You sound like you are saying you should have went buck wild and found any man to have a kid with. The only thing you did was not base your situation on a reality. Getting married, going to school and getting a job are all of the right things to do. It is all a matter of who and how you go about it. Pull yourself together. Someone once told me, you can't always have it all. It is rare for a woman to get everything she wants in life, not saying you should compromise, but the perfect this and that in everything is not always possible. You simply made some choices that took you farther away from what you were trying to accomplish, in having a child.

Specializes in Psych, Corrections, Med-Surg, Ambulatory.
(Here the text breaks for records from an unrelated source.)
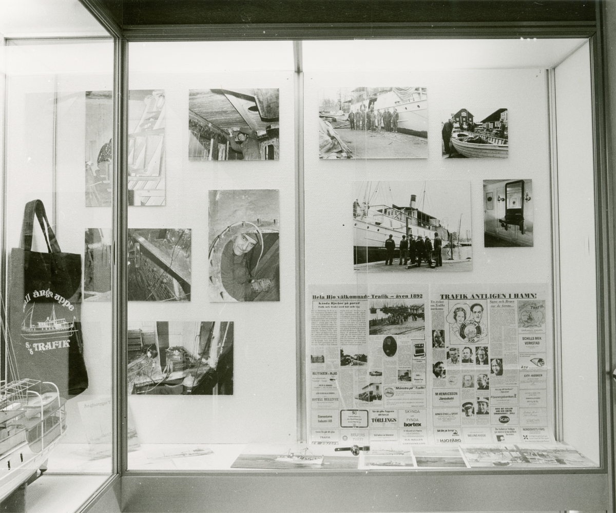 Utställningen "SS Trafik". Del av utställningen i trappmontern. Fotografier och artikel kopplade till SS Trafik.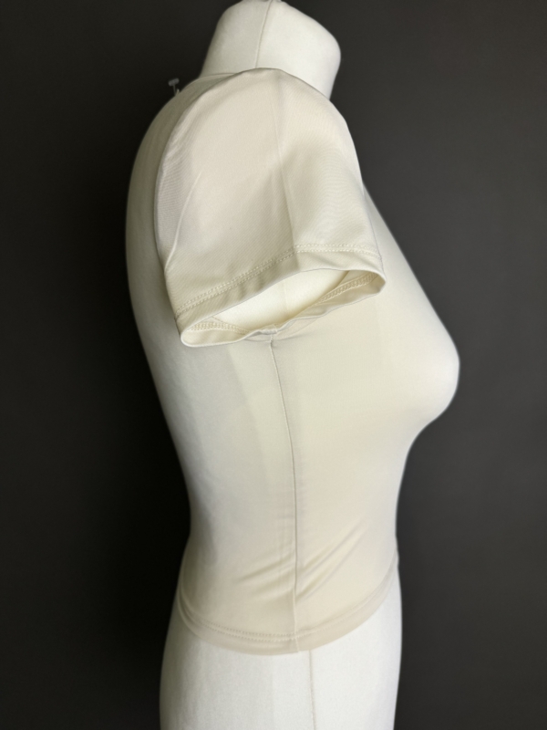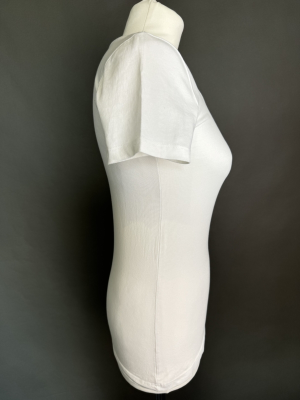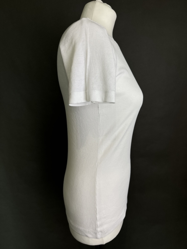 Wymiary: Długość całkowita: 60cm Szerokość od pachy do pachy: 36cm Długość rękawa od pachy: 6,5cm 95% bawełna 5% elastan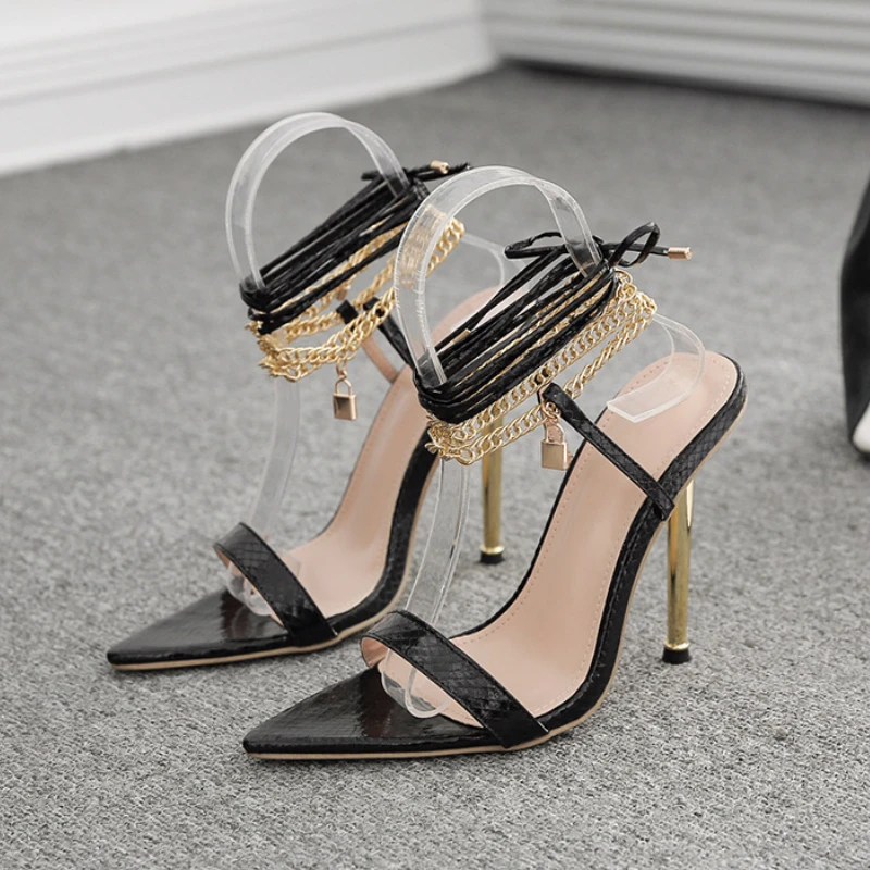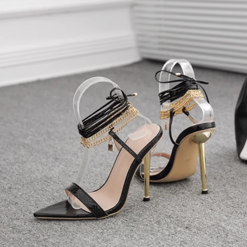 TAVIMART - Fashion Metal Chain Design Women's High Heels 12CM Summer New Gold Ankle Strap Sandals Pointed Toe Elegant Party Stripper Shoes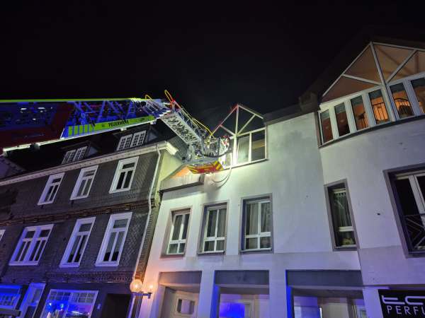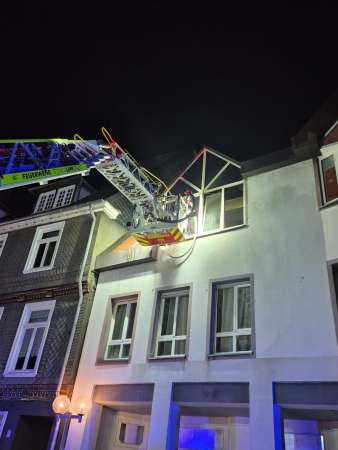 Bei Eintreffen der Feuerwehr war eine starke Rauchentwicklung im 2. Obergeschoss eines Mehrfamilienhauses erkennbar. Zur Menschenrettung und später auch zur Brandbekämpfung wurden zwei Trupps unter Atemschutz mit zwei C-Rohren eingesetzt.

At this point I'm thinking: is there any way you can take some time off just to think for a bit? You have a strong desire for something, and a husband and career that do not support this. More than anything you need a bit of breathing space so you can get some clarity.

I wish you well.

Specializes in Surgical Specialty Clinic - Ambulatory Care.
3 hours ago, Workitinurfava said:

You sound like you are saying you should have went buck wild and found any man to have a kid with. The only thing you did was not base your situation on a reality. Getting married, going to school and getting a job are all of the right things to do. It is all a matter of who and how you go about it. Pull yourself together. Someone once told me, you can't always have it all. It is rare for a woman to get everything she wants in life, not saying you should compromise, but the perfect this and that in everything is not always possible. You simply made some choices that took you farther away from what you were trying to accomplish, in having a child.
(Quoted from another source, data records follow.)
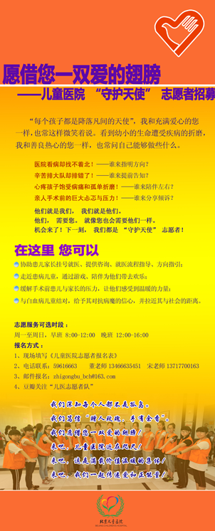“每个孩子都是降落凡间的天使”,我和充满爱心的您一样,也常这样微笑着说。看到幼小的生命遭受疾病的折磨,我和善良热心的您一样,也常问自己能够做些什么。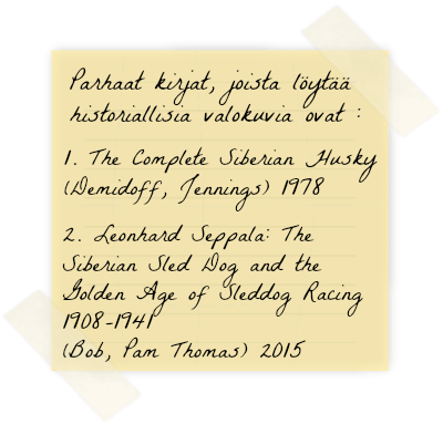 koiria valjakkoon. Seppalan seerumivaljakossa olivat ainakin Togo, Fritz, Billiken, Pete ja Scotty.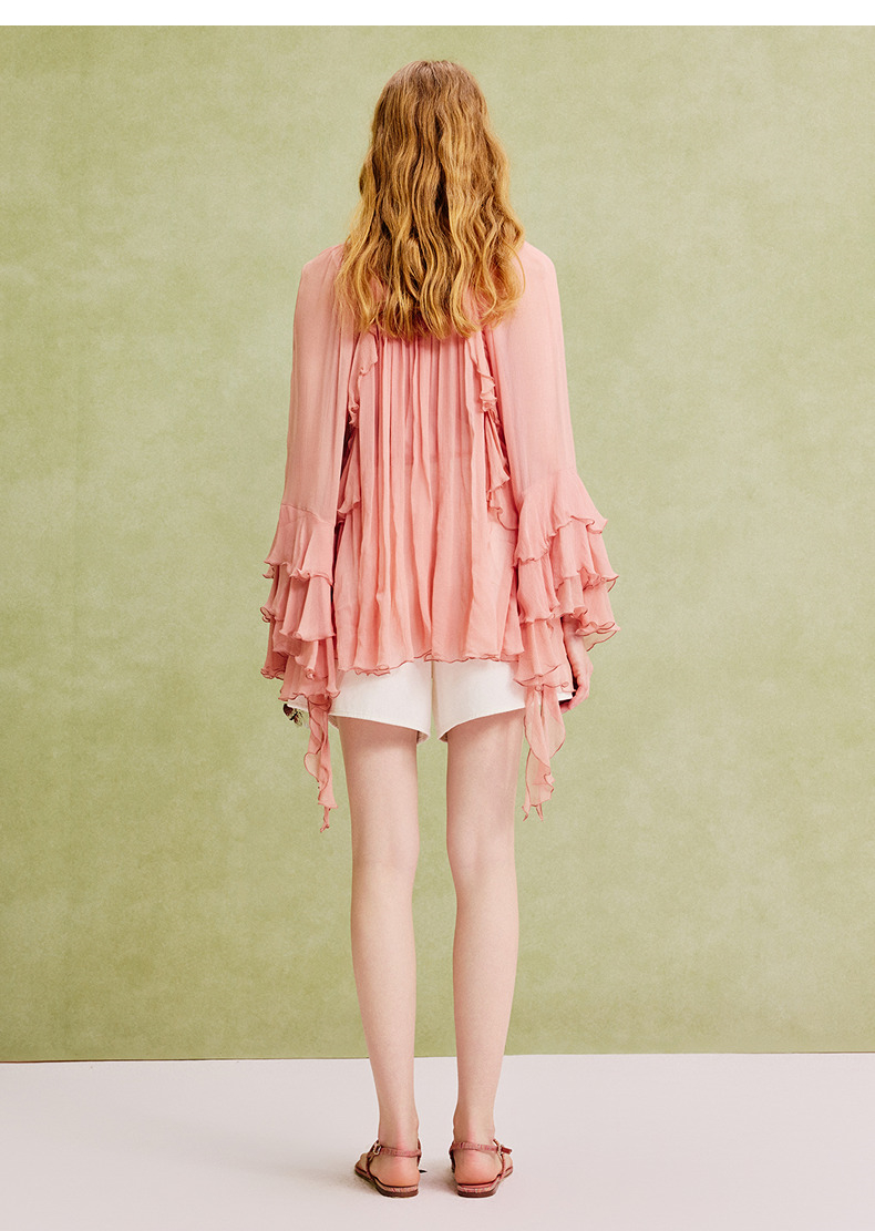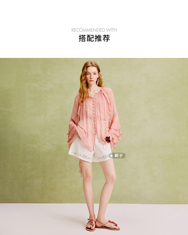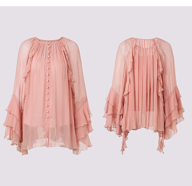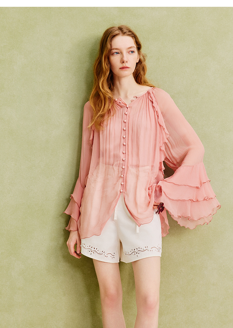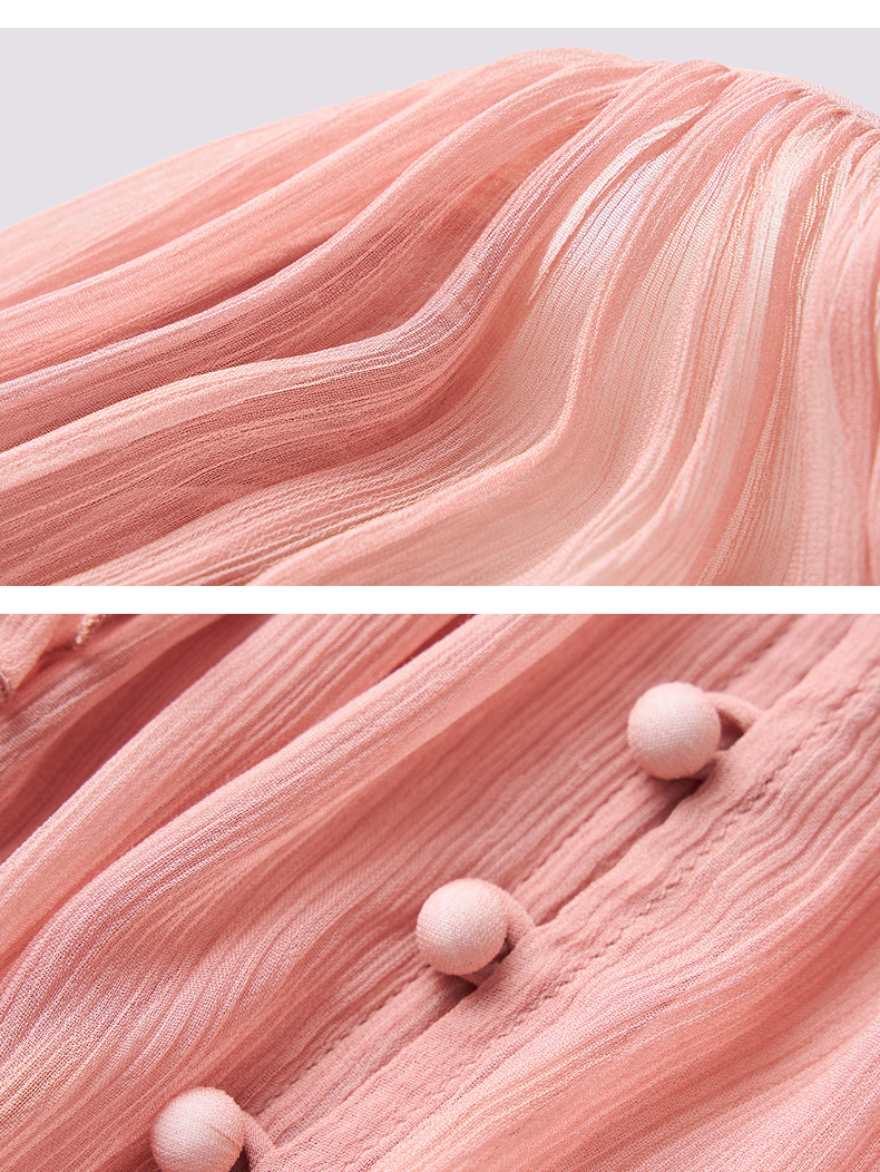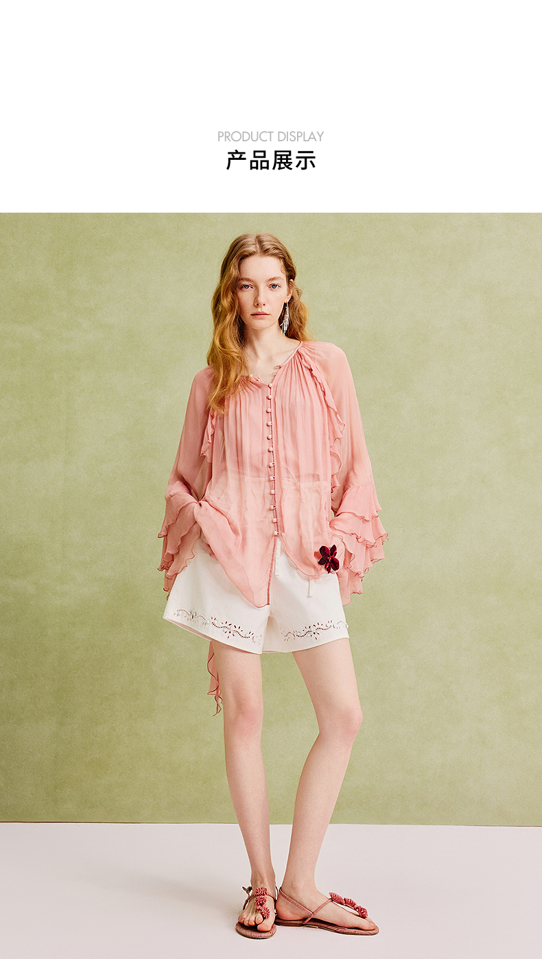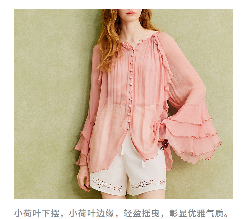 【商场同款】MAXRIENY精致复古v领垂感雪纺衫上衣女长袖夏季薄款(货号:MC86TP069)

I do believe I should have gone buck wild and found any man to father a kid with. My purpose in putting myself through school, finding a good partner, and continuously dealing with a career that sucks my soul dry was the goal of supporting family of my own. To be the kind of person that I could role model to my children to. Without the children there is no point in continuing to any of it. I don’t want it all, I want something for all this effort that I can give a *** about. I don’t even come close to having it all. I love my husband and he is my friend, but my husband is not the love of my life. The love of my life is married to someone else. I don’t love being a nurse, it was not ‘a calling’ for me. At one point in my life I liked people, my dad had diabetes and I wanted to understand his illness better, and my friend was going to nursing school. That is how I became a nurse. I don’t give a *** about other people’s children. Not that I wish them a poor life or anything. But people love their kids and have a tendency to micromanage non parent interactions...I am an Aunt and my own sister won’t allow me to even slightly admonished (not spanking, not pushing, just telling them no when they like write on the wall or something) her kids due to she doesn’t feel like I do it appropriately. You can’t have a relationship with children you can’t be yourself with without fear that someone is going to take that interaction away because they don’t approve of your point of view. This is also kind of why adoption or fostering does not read into something that would work well for me. If birth parents don’t have to have a home inspection and take parenting classes, then it really doesn’t make sense to put people through that kind of scrutiny if they are wanting to open their home to parent an orphan. A background check, sure, much else, not really. I really don’t know what I wrote to make you think ‘I want it all’. I’ve made a lot of compromises to get this close to having a family to have it not work out. And the statement, “ It is all about who and how you go about it.” Is how I got here. That is the whole point. It doesn’t matter who and how you go about it. I did everything in my power to who and how about it the best possible way and I don’t have anything I care for to show for it. So what was the point?